- _Directions_: Please copy exactly the lines that begin with the one containing "2022年底,中国医药创新促" and end with the last line of the entries.

Stored records:

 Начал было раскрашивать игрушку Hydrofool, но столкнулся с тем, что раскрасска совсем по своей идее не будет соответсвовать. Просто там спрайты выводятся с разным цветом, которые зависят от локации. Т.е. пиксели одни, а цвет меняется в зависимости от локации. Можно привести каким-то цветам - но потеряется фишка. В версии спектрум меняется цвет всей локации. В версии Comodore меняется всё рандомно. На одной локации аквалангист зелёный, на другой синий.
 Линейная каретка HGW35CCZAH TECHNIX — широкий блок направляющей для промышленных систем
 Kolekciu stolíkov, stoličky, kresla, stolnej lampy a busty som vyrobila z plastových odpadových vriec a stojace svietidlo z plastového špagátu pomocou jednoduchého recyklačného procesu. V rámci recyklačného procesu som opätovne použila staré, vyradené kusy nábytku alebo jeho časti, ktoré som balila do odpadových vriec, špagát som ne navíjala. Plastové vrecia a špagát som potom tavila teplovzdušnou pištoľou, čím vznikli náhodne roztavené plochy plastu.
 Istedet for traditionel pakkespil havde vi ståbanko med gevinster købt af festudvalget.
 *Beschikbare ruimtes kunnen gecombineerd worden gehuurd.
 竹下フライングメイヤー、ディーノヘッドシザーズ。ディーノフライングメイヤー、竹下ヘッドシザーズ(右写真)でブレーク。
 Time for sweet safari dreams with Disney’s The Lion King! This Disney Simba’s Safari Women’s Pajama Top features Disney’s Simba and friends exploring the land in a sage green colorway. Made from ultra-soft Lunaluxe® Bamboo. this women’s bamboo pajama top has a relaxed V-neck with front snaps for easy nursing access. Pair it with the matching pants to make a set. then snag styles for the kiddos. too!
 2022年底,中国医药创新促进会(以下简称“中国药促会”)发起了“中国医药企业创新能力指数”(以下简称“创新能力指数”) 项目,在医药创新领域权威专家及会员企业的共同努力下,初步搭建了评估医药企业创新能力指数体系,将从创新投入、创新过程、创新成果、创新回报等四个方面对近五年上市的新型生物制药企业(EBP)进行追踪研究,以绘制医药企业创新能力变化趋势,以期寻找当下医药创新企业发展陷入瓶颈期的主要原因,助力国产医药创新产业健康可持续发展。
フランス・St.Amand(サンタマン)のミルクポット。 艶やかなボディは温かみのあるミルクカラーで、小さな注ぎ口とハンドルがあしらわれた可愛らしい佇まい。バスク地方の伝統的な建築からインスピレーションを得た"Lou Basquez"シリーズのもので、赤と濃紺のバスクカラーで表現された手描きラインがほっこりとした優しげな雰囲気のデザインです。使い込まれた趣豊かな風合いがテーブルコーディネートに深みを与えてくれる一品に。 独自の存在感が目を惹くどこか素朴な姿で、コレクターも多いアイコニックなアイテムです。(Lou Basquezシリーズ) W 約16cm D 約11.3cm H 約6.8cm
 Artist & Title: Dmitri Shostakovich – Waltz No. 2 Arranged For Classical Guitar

- _Exercise output_:
 2022年底,中国医药创新促进会(以下简称“中国药促会”)发起了“中国医药企业创新能力指数”(以下简称“创新能力指数”) 项目,在医药创新领域权威专家及会员企业的共同努力下,初步搭建了评估医药企业创新能力指数体系,将从创新投入、创新过程、创新成果、创新回报等四个方面对近五年上市的新型生物制药企业(EBP)进行追踪研究,以绘制医药企业创新能力变化趋势,以期寻找当下医药创新企业发展陷入瓶颈期的主要原因,助力国产医药创新产业健康可持续发展。
フランス・St.Amand(サンタマン)のミルクポット。 艶やかなボディは温かみのあるミルクカラーで、小さな注ぎ口とハンドルがあしらわれた可愛らしい佇まい。バスク地方の伝統的な建築からインスピレーションを得た"Lou Basquez"シリーズのもので、赤と濃紺のバスクカラーで表現された手描きラインがほっこりとした優しげな雰囲気のデザインです。使い込まれた趣豊かな風合いがテーブルコーディネートに深みを与えてくれる一品に。 独自の存在感が目を惹くどこか素朴な姿で、コレクターも多いアイコニックなアイテムです。(Lou Basquezシリーズ) W 約16cm D 約11.3cm H 約6.8cm
 Artist & Title: Dmitri Shostakovich – Waltz No. 2 Arranged For Classical Guitar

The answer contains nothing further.